Esse projeto do reajuste inflacionário de 5,4% só está aqui porque é ano de eleição, caso contrário, ele não estaria aqui. “Nós não podemos aumentar, todos os anos, devido à Lei de Responsabilidade Fiscal.” Mas passar de R$4.000.000.000,00 para R$24.000.000.000,00 a isenção fiscal para os companheiros pode! Pode, não pode? Mas não pode abrir a caixa-preta para saber quem recebe a isenção fiscal e qual o benefício real que essas empresas estão trazendo para o Estado. Mas, se você abrir o site do DivulgaCand, que é onde aparece a prestação de contas de candidaturas, você vai ver lá as empresas que receberam a isenção fiscal – o dono doou fisicamente ao governador Zema. Para que ter corrupção no governo? É só legalizar o benefício. Mas aí eles vendem licenças ambientais! Ou será que estou falando mentira? Enquanto isso o servidor está lá; não existe servidor para fiscalizar; existe delegacia de polícia em sede alugada pela prefeitura e sem atendente; quem paga a gasolina é a prefeitura. Parece que o vice do Zema, que assumiu agora, não conhecia a realidade do Estado. Essa é a realidade dos fatos. Ele fala como se nunca tivesse visto: problemas dentro do João XXIII, policial com colete vencido, falta de gasolina para abastecer viatura da polícia.
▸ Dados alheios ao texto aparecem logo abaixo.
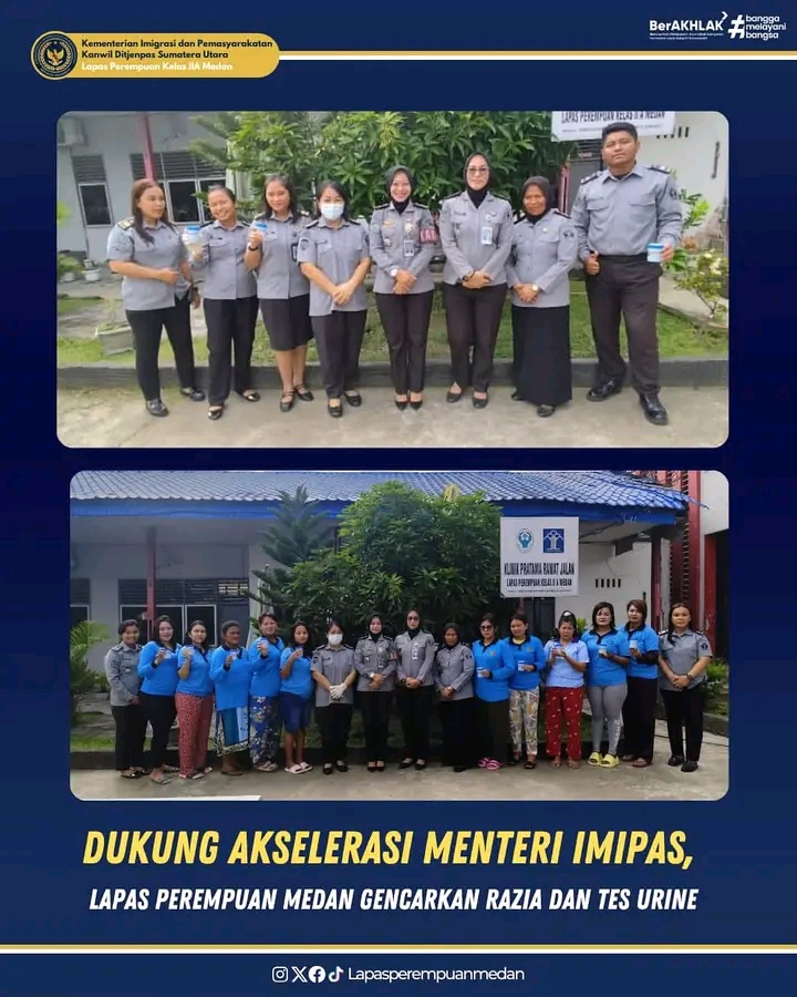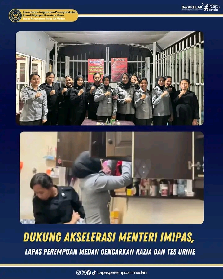 TIMELINES INEWS INVESTIGASI, Medan Lembaga Pemasyarakatan (Lapas) Perempuan Kelas IIA Medan gencarkan razia kamar hunian dan tes urine bagi pegawai dan Warga Binaan Pemasyarakatan (WBP), sebagai bentuk komitmen dalam mendukung program 13 Akselerasi Menteri Imigrasi dan Pemasyarakatan (Menimipas), salah satunya adalah Pemberantasan Narkoba dan Penipuan. Program ini menargetkan pemberantasan peredaran narkoba di lapas dan rutan, guna menciptakan lingkungan pemasyarakatan yang bersih dari narkoba, Selasa (03/06/25)

Então volto aqui para reafirmar o meu compromisso com todos os servidores, em especial com os servidores do Ipsemg, da Fhemig, da Secretaria de Estado de Saúde, pela Gages e pela regulamentação do plantão. O que estou pedindo para o pessoal do Ipsemg e da Fhemig não é aumento salarial, é isonomia! Se todos os plantonistas do Estado não fazem 10 plantões dentro da carga horária de 30 horas, todos devem ser tratados de igual forma! Agora, aqui existe projeto de lei para servidor ganhar R$20.000,00 a mais por mês, gente! Não sou contra, mas espere; vamos andar mais devagar no negócio. Espero que o governo converse conosco, senão vamos obstruir. Não tentem medir nossa coragem, porque temos coragem e vamos defender os servidores da base da pirâmide. Obrigado a todos.